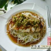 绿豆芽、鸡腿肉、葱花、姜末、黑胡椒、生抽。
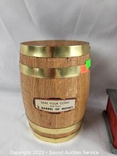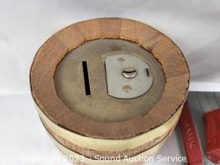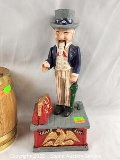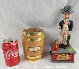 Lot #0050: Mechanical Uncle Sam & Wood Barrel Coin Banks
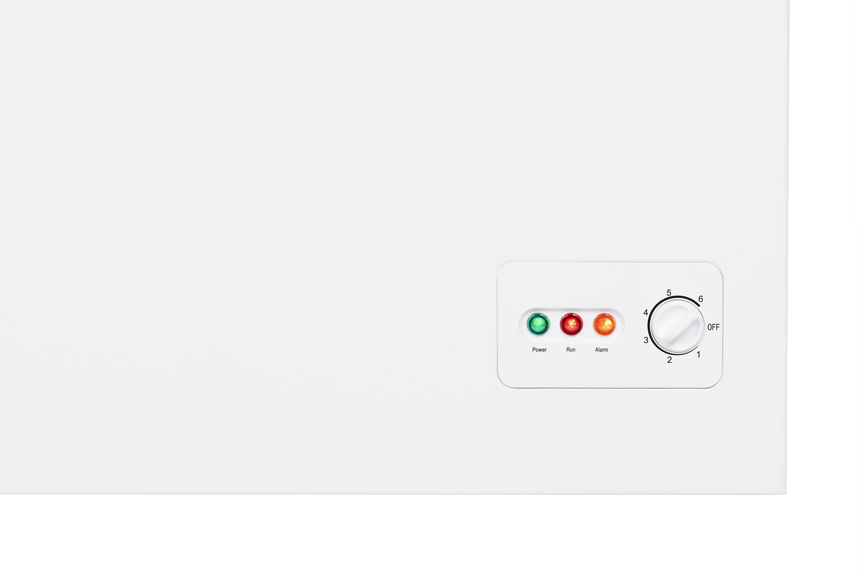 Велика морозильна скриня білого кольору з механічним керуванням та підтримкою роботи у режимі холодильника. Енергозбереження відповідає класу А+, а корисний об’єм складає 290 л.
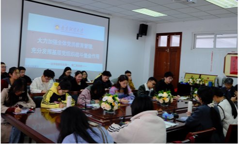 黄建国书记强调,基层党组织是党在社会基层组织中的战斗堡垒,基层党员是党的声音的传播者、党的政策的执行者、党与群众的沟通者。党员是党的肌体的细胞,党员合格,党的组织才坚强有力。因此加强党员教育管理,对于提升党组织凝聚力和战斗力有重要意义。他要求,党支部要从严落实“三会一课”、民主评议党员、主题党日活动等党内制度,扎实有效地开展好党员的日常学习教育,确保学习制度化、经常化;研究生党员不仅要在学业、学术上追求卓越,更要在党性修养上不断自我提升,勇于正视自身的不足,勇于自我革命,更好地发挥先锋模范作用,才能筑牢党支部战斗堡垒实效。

→ EXERCISE DETAILS
The whole listing above, minus its pictures, is what you should write out word for word.

→ WRITTEN REPLY
 绿豆芽、鸡腿肉、葱花、姜末、黑胡椒、生抽。
 Lot #0050: Mechanical Uncle Sam & Wood Barrel Coin Banks
 Велика морозильна скриня білого кольору з механічним керуванням та підтримкою роботи у режимі холодильника. Енергозбереження відповідає класу А+, а корисний об’єм складає 290 л.
 黄建国书记强调,基层党组织是党在社会基层组织中的战斗堡垒,基层党员是党的声音的传播者、党的政策的执行者、党与群众的沟通者。党员是党的肌体的细胞,党员合格,党的组织才坚强有力。因此加强党员教育管理,对于提升党组织凝聚力和战斗力有重要意义。他要求,党支部要从严落实“三会一课”、民主评议党员、主题党日活动等党内制度,扎实有效地开展好党员的日常学习教育,确保学习制度化、经常化;研究生党员不仅要在学业、学术上追求卓越,更要在党性修养上不断自我提升,勇于正视自身的不足,勇于自我革命,更好地发挥先锋模范作用,才能筑牢党支部战斗堡垒实效。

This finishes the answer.